Merci pour ton message. ^^ En fait, j'adore les possibilités énormes de création qu'offre l'écriture. Le pire, c'est que je ne m'en suis rendu compte que récemment, et que ça m'inspire vraiment (j'écris ces nouvelles de manière très naturelle, sans "forcer", et j'y prends beaucoup de plaisir).

Du coup, je compte essayer un peu de tout. Par exemple, j'adorerais faire un huis clos. Je suis tombé amoureux du fantastique et de la science-fiction, aussi. Ça ne me dérangerait pas de faire des trucs complètement expérimentaux, dans le genre Oulipo. Ça m'amuserait d'écrire et de créer des univers et des histoires un peu délires, complètement loufoques et qui partiraient en cacahuètes à la première occaz' sans tomber dans la caricature parodique bas de gamme à la Scary Movie, voire pire, Spartatouille. Non, plus un truc dans le genre Monty Python, mais à l'écrit, en fait. Je n'aimerais pas rester dans un seul et unique genre et faire tout le temps la même chose. Ça m'ennuierait.

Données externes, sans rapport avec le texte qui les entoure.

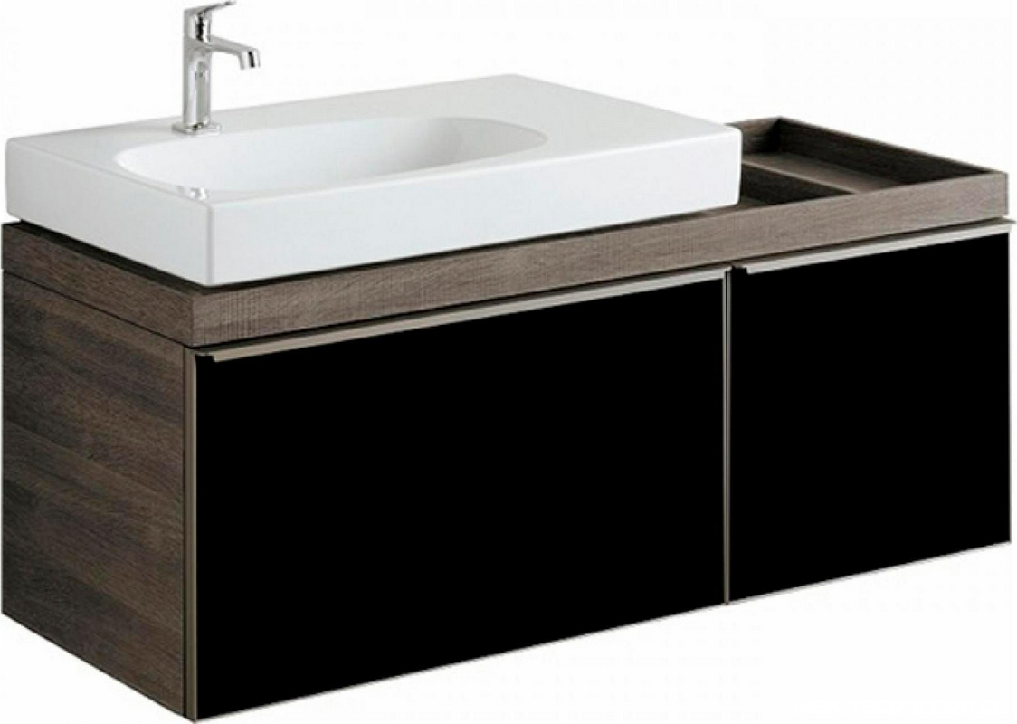 Тумба Geberit Citterio Тумба 1184хh554х504мм, полочка справа, 2 выдв. ящ, 1 внутр ящ, д/уст. с рак. арт. 123575, (цв. тёмный дуб, стекл. фр/панель чёрн цв.), креп/комп ZZ

Donc oui, les deux histoires sont dans un registre un peu psychologie dramatique, et j'aime beaucoup ça, mais je ne pense pas écrire que ça, loin de là. Par exemple, ma première nouvelle avait des airs de fantastique alors que j'ai essayé d'insérer des éléments de thriller dans la seconde. Par contre, j'ai remarqué que le thème de la folie m'obsède… (Je ne sais pas si c'est le combo Saya no Uta + American Horror Story qui a joué un rôle là-dedans ; mais j'aurais tendance à dire oui au moins pour le premier, qui est une œuvre de haute volée et qui m'a marqué durablement pour la violence psychologique de son univers.)